Il massacro ha portato al centro del dibattito americano la sicurezza nelle scuole, ma anche la regolamentazione e la cultura delle armi da fuoco. Sono circolate diverse versioni sui moventi della strage (si è scoperto solo anni più tardi che i due assassini soffrivano di disturbi mentali), ciò ha spinto gli americani ad affrontare temi come le bande nelle scuole superiori, le sottoculture e il bullismo.
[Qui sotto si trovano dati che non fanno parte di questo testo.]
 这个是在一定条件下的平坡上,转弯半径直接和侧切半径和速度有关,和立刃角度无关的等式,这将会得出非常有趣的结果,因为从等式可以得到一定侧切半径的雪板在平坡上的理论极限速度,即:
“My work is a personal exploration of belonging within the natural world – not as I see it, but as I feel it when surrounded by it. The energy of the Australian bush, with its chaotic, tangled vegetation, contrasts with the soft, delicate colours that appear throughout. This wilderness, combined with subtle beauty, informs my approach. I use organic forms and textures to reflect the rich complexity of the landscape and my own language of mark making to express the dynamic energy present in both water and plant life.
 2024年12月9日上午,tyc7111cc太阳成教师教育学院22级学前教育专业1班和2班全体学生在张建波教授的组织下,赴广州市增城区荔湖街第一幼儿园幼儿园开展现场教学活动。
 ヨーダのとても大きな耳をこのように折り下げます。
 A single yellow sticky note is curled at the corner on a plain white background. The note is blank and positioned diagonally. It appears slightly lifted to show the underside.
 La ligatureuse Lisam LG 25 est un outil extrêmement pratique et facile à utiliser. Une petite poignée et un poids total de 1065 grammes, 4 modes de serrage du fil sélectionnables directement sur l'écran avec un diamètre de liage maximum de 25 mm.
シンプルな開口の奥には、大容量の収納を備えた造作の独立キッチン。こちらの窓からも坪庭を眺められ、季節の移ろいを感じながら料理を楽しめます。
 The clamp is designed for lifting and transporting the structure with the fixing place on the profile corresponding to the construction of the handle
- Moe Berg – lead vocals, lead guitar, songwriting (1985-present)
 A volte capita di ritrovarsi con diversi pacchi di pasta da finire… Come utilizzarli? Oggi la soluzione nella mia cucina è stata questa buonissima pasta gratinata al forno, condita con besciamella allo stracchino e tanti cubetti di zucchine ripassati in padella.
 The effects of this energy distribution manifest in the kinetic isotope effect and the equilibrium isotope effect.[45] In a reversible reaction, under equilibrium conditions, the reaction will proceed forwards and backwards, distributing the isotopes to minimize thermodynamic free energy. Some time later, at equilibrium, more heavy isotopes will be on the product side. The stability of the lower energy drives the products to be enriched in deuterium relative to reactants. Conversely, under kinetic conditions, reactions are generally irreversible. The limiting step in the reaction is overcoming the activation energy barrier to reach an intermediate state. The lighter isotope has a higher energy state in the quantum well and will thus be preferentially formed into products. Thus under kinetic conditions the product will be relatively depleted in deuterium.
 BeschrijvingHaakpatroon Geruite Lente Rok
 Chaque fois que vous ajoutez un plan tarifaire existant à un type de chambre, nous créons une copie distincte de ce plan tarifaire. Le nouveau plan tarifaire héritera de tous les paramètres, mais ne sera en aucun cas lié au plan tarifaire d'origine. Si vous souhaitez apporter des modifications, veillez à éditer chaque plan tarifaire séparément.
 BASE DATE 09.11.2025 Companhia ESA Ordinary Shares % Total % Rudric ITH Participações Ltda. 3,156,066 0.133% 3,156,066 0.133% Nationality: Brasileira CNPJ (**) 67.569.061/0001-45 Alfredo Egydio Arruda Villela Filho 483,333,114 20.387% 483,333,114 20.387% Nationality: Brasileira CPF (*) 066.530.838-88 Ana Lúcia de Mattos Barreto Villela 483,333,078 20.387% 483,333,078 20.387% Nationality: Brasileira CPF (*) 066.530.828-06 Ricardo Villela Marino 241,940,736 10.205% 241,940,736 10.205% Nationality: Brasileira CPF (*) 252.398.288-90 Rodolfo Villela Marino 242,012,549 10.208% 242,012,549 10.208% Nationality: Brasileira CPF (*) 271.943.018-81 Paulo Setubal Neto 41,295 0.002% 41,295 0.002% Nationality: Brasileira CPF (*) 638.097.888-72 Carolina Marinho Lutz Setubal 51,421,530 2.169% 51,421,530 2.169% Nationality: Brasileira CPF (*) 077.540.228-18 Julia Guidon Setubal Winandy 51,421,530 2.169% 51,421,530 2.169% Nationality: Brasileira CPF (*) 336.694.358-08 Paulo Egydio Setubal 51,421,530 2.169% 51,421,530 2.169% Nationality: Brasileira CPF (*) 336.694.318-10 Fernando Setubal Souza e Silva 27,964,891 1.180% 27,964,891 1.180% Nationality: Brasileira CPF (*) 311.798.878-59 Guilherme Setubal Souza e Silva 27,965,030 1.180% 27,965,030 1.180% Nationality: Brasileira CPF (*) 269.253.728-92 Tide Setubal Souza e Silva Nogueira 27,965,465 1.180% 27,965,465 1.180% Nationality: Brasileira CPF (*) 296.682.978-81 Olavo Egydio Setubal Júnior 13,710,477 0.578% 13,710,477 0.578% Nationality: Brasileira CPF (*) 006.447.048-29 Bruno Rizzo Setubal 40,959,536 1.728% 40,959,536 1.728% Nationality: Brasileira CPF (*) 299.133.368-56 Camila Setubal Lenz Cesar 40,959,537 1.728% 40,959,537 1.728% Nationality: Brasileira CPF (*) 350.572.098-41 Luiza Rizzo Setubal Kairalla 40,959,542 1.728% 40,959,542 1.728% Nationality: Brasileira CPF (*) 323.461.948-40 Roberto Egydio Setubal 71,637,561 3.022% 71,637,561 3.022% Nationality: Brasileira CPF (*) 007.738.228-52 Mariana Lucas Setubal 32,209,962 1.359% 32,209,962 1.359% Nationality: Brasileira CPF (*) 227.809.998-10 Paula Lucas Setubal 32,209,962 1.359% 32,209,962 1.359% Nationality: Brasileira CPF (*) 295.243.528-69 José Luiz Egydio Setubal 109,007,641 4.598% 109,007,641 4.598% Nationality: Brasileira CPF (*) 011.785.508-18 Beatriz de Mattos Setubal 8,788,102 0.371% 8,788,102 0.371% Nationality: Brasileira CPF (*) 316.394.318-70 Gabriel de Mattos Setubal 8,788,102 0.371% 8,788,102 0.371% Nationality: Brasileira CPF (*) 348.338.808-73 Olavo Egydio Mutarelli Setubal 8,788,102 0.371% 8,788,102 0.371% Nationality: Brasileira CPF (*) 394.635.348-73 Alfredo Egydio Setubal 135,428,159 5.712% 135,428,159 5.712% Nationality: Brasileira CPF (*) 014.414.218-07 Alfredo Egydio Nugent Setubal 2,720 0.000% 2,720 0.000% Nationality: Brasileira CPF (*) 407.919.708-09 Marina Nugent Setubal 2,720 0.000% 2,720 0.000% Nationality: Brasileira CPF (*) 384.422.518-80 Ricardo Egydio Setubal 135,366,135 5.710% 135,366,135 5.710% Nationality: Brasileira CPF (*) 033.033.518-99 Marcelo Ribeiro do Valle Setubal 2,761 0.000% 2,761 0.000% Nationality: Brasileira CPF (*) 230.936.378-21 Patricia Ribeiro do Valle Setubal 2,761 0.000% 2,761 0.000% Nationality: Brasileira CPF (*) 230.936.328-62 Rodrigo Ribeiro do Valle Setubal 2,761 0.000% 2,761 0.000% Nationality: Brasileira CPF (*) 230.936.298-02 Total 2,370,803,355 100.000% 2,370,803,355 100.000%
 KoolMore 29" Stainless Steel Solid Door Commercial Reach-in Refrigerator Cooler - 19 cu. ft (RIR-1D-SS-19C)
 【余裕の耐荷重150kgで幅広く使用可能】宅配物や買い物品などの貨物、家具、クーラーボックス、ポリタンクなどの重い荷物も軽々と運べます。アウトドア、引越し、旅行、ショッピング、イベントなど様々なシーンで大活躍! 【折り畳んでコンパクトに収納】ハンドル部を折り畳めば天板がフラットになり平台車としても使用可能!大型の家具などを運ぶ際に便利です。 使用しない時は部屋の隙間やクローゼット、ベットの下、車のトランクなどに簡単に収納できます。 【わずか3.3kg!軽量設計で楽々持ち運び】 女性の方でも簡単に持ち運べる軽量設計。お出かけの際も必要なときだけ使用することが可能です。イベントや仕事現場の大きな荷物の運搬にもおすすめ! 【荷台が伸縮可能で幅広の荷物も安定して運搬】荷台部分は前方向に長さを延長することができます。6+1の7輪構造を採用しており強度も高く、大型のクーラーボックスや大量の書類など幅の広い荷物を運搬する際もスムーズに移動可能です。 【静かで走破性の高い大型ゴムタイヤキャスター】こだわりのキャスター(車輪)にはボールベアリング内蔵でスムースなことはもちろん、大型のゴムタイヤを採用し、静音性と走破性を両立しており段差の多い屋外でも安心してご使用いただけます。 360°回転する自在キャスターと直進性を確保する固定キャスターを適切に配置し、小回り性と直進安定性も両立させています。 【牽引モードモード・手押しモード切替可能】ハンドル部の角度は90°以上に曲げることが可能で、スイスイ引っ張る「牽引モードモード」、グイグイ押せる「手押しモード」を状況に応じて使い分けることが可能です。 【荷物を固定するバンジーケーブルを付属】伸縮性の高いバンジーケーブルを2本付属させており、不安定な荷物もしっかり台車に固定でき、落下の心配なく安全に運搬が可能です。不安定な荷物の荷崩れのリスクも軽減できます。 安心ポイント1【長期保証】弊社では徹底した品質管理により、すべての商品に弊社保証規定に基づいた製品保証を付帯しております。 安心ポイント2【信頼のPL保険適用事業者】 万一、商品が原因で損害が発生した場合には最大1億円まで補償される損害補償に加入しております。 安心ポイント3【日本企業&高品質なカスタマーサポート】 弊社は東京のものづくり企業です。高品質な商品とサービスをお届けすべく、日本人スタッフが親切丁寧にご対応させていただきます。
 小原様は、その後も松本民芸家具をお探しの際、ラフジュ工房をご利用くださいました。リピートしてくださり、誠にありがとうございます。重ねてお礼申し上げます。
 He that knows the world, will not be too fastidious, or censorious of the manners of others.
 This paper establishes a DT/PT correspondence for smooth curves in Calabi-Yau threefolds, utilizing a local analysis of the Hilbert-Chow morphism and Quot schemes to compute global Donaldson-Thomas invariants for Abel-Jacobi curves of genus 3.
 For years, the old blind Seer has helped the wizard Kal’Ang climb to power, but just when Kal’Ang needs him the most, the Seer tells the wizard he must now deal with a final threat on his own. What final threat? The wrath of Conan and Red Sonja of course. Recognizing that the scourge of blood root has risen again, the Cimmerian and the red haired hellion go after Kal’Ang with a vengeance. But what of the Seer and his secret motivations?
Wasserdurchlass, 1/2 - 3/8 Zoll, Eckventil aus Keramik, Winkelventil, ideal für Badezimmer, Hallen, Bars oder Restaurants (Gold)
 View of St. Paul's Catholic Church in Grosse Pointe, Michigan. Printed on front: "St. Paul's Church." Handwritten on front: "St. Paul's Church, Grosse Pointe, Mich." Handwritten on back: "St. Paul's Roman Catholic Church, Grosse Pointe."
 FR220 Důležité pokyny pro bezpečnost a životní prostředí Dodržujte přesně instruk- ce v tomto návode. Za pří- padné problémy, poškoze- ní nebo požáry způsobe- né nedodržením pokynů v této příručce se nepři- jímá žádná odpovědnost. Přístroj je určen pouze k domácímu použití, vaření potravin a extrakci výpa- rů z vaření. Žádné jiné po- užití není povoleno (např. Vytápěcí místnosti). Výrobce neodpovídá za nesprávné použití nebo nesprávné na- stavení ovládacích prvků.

Ma anche l’uso di antidepressivi tra teenager, l’utilizzo di internet da parte dei ragazzi e la violenza nei videogiochi.

Troviamo riferimenti Columbine nelle canzoni di Eminem, Tupac, Marilyn Manson, Childish Gambino e frammenti delle riprese del massacro sono state integrate nel video musicali. Al massacro sono state dedicate decine di libri, tra cui quello di Dave Cullen, uscito nel 2009 e intitolato Columbine. Nel 2003 Michael Moore ha vinto l’Oscar con il documentario Bowling a Columbine che trattava dell’uso delle armi in America. Lo stesso anno Gus Van Sant si è aggiudicato la Palma d’Oro al Festival di Cannes con Elephant, liberamente ispirato al massacro di Littleton.